The European Parliament has ratified seven key accords between the European Union and Switzerland. The agreements cover a range of issues, including agriculture, transport and the free movement of people.This content was published on May 4, 2000 - 15:11
Brussels correspondent, Regula Schmid, says the ratification on Thursday was seen as the best possible solution to the question of Switzerland's relationship to the EU.
"Everyone understands that having Switzerland in the middle of Europe being isolated, is just no way forward. So, having noticed that Switzerland does not want to become a member yet, the only way out was the bilateral agreements and they have been negotiated for so long, that there is no opposition left. "
The vote follows a debate at the European Parliament late on Wednesday attended by 15 of the 626 deputies. All speakers in the debate called for the approval of the accords.
One leading official, Massimo Carraro, said ratification would give a clear vote of confidence ahead of a referendum on the accords in Switzerland on May 21.
Schmid said that, during the discussions, the deputies stressed the need to put Switzerland's economic ties with the EU on a more solid basis.
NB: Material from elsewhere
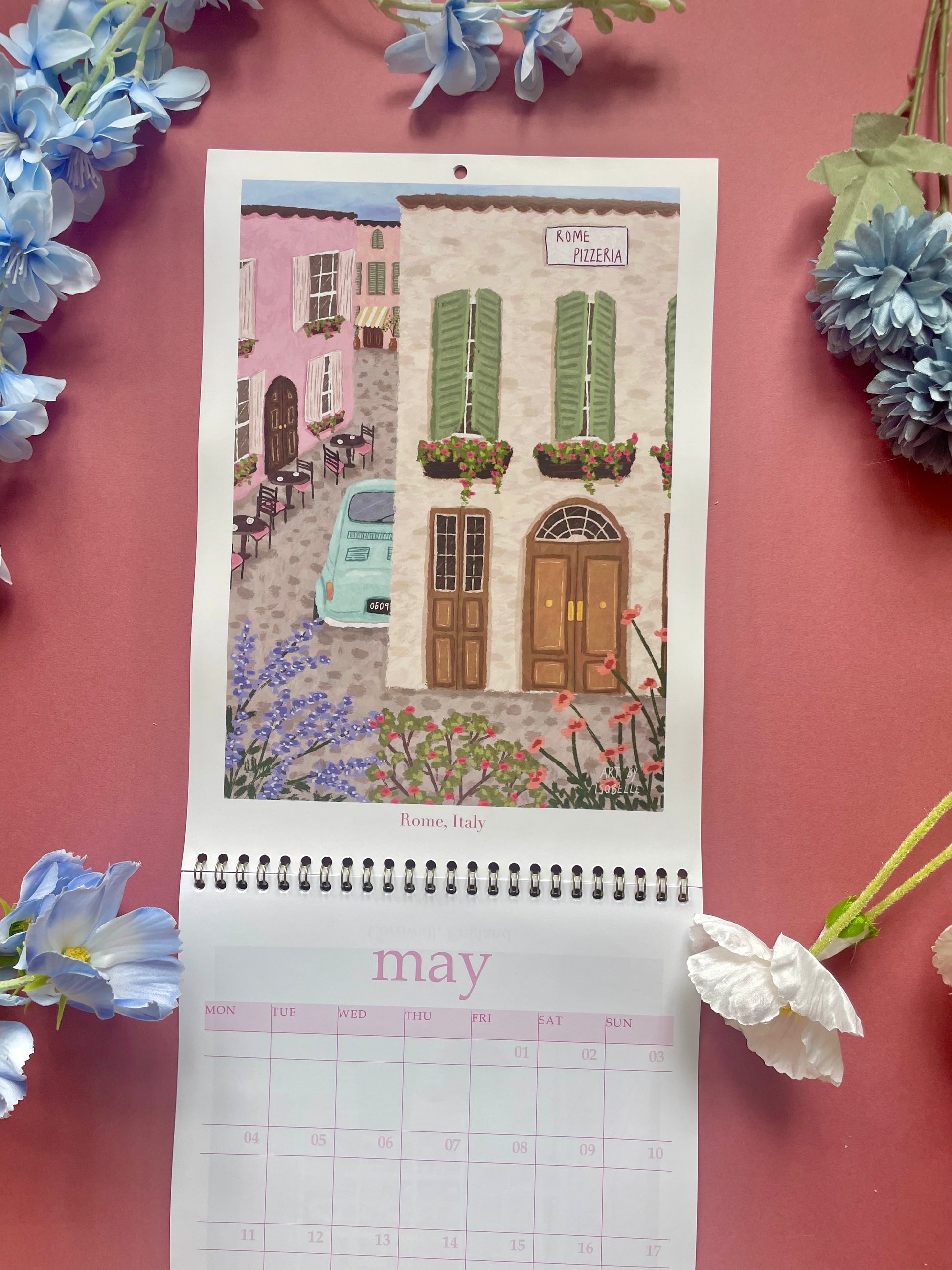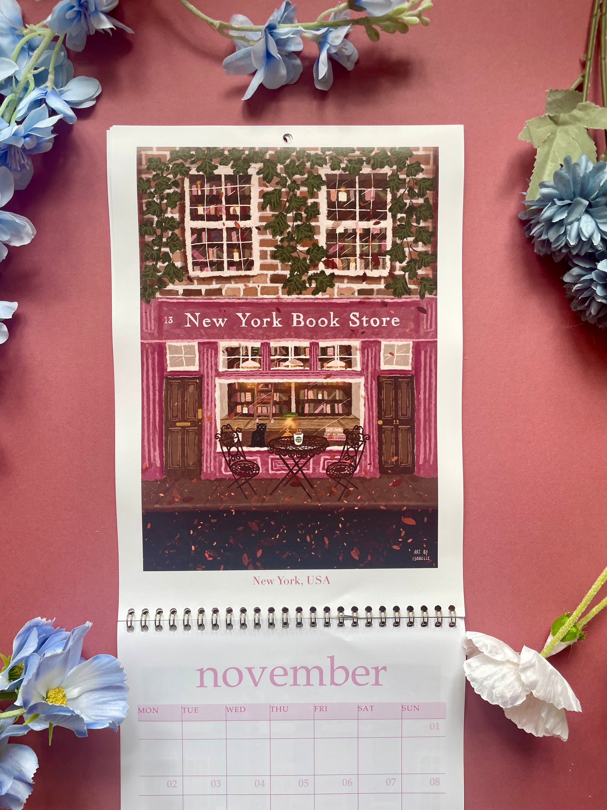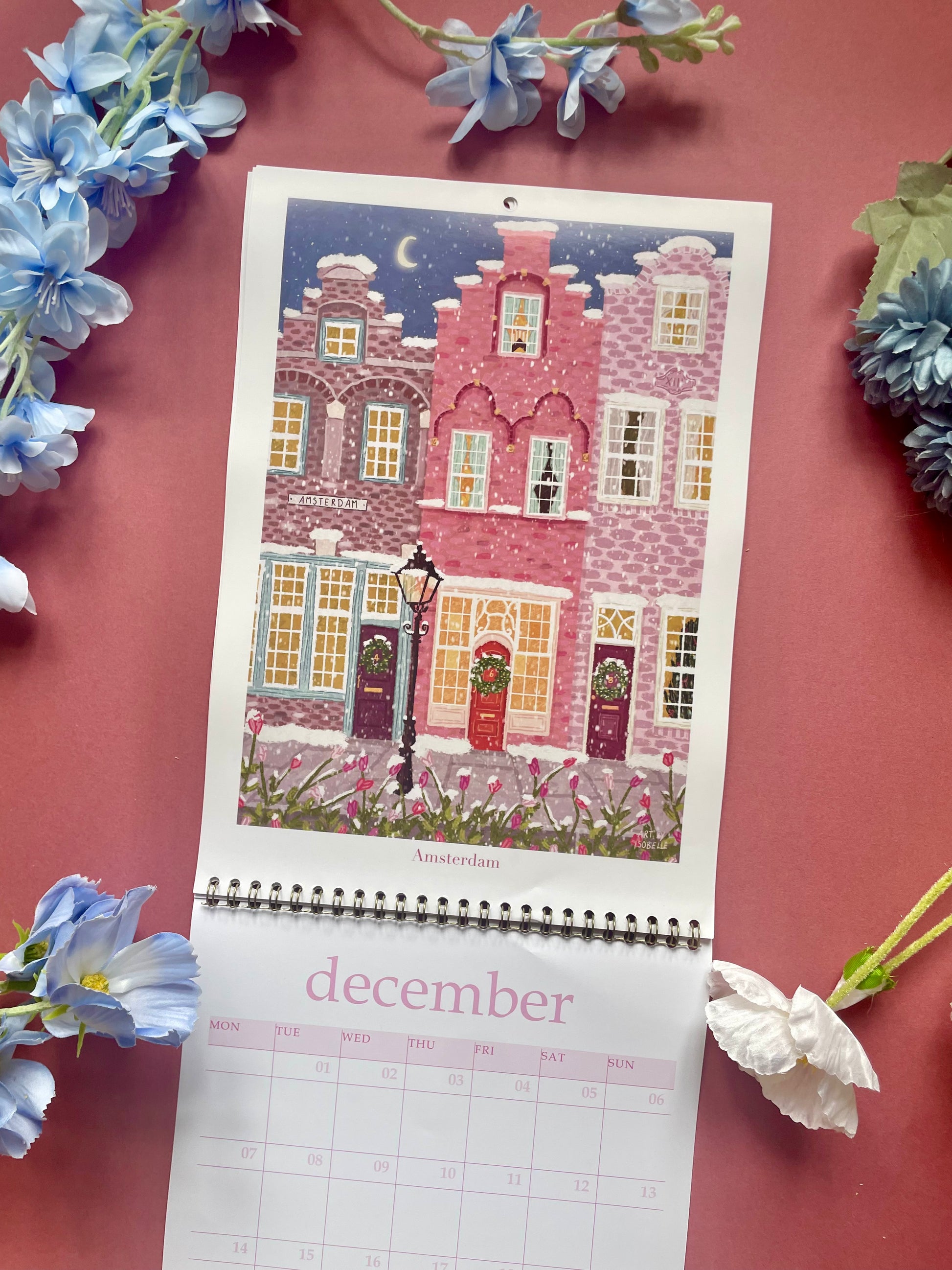 Bring the world to your wall in 2026. From the charm of a cosy New York bookshop to the fairytale streets of Castle Combe, golden Cotswolds cottages, the romance of Rome, and Amsterdam glowing with Christmas lights, every month transports you somewhere new.

"Everybody said how important it was to open the way for economic integration of Switzerland into the European market, without pre-judging any political actions, such as integration."
However the EU Commisssioner for foreign affairs, Chris Patten, did raise concerns about the problem of transit fraud and cigarette smuggling, or fiscal crimes within Switzerland, and said he would discuss those issues with the Swiss foreign minister, Joseph Deiss.
Besides the nationwide referendum in Switzerland later this month, there are still other hurdles. The parliaments of all 15 member countries of the EU have to ratify the agreement on the free movement of people, before all the treaties can enter into law.
Some EU countries, including Spain, Portugal and Italy, have criticised what they consider Switzerland's delay in cementing relations with the EU.